Sábado a la noche.
Entro corriendo a un restorán y pido fideos,
como deprisa y concentrado, sin atender
al gato que maúlla sin parar desde el piso.
Sólo dos personas en el local: el dueño y yo.
Apoyado contra el mostrador sonríe hacia el matamoscas,
sin ningún interés por mi impaciencia,
aprobando al parecer la insipidez de la tarde.
Mientras él busca seriamente el cambio,
yo siento que tener algo que hacer es de verdad importante.
Así que salgo a la calle, compro el diario
y me subo al primer colectivo que llega.
El aire acá arriba está demasiado frío
y me hace temblar, me repliego en el asiento.
Por todas partes hay plástico y astillas,
y un extraño olor a pintura. Pocas personas, lluvia,
¿quién quiere salir, si no es para volver a casa,
o movido por un impulso traicionero?
¿Quién quiere gastar cuatro boletos y atravesar
cabeceando, medio dormido, la avenida Nanjing?

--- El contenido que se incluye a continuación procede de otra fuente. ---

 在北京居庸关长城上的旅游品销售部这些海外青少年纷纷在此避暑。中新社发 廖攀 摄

Una hora después al despertarme
me apuro a bajar. “Qué suerte de mierda”,
exclama uno al que se le pasó la parada
mientras limpiaba sus anteojos. Me doy vuelta:
el colectivo oscilando avanza en la oscuridad
hecha de un cielo nocturno lluvioso y luces de neón.
Conozco al muchacho en la entrada del banco,
es la persona que vengo a ver; bajito, sin cuello,
se llama a sí mismo ladrón; por supuesto,
ya ha hecho lo imposible para demacrar su apariencia.

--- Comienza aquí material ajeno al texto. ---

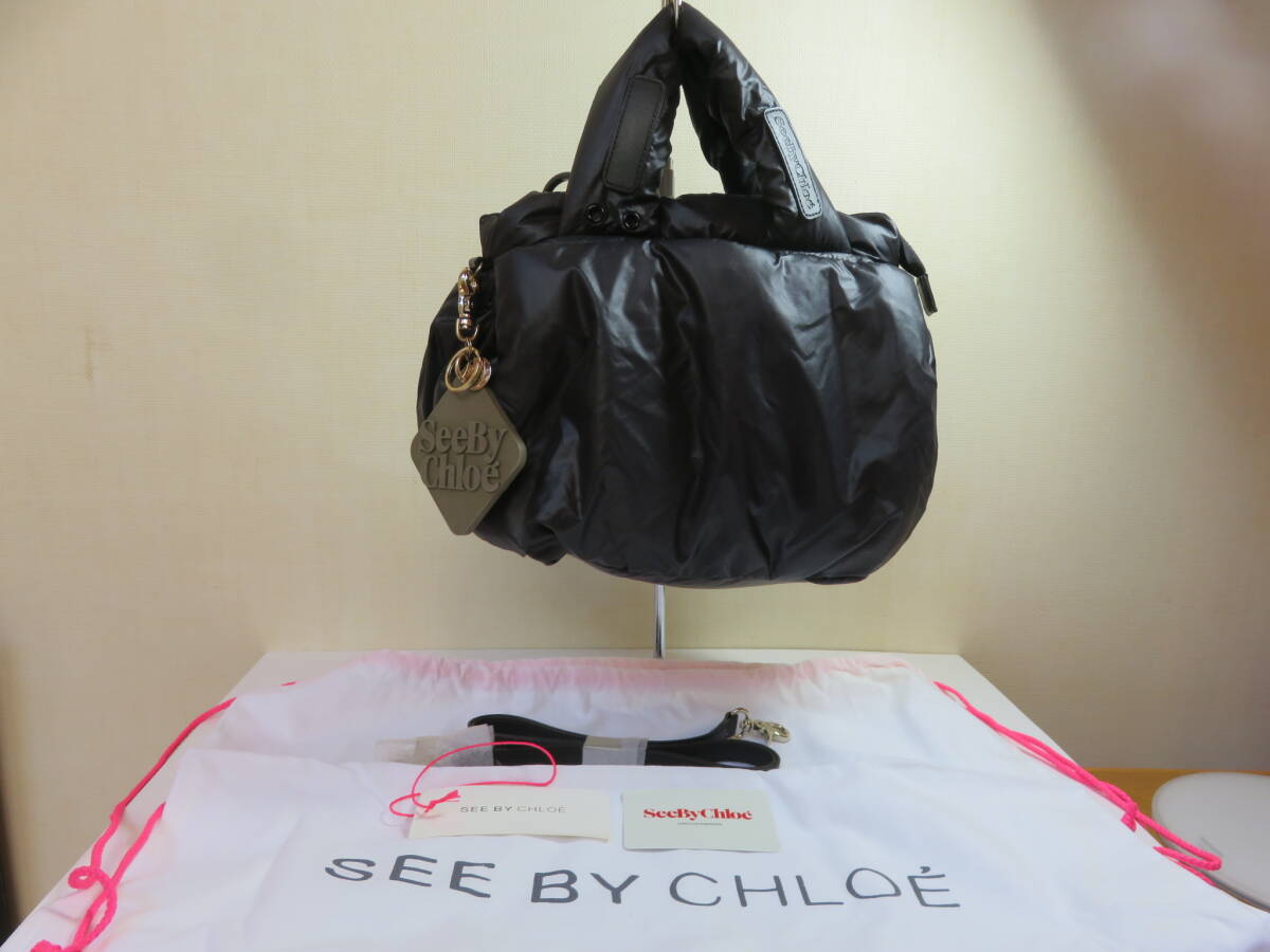 - ♪美品♪★SEE BY CHLOE★シーバイクロエ 2WAY トートバッグ ショルダーバッグ ロゴチャーム付き ブラック系

Hablamos un rato afuera de pie
antes de entrar al bar. Sentados junto la ventana
pedimos bebidas frías y empezamos a tratar
de algunos conocidos, de su dolor
yendo y viniendo por las universidades,
acostumbrados a un cinismo cómodo
y a burlarse de sus propios órganos. Llevados a eso,
y a toda forma de aburrimiento planeado.
Después, mira hacia la calle por la ventana,
comparando calles y ciudades en su cabeza.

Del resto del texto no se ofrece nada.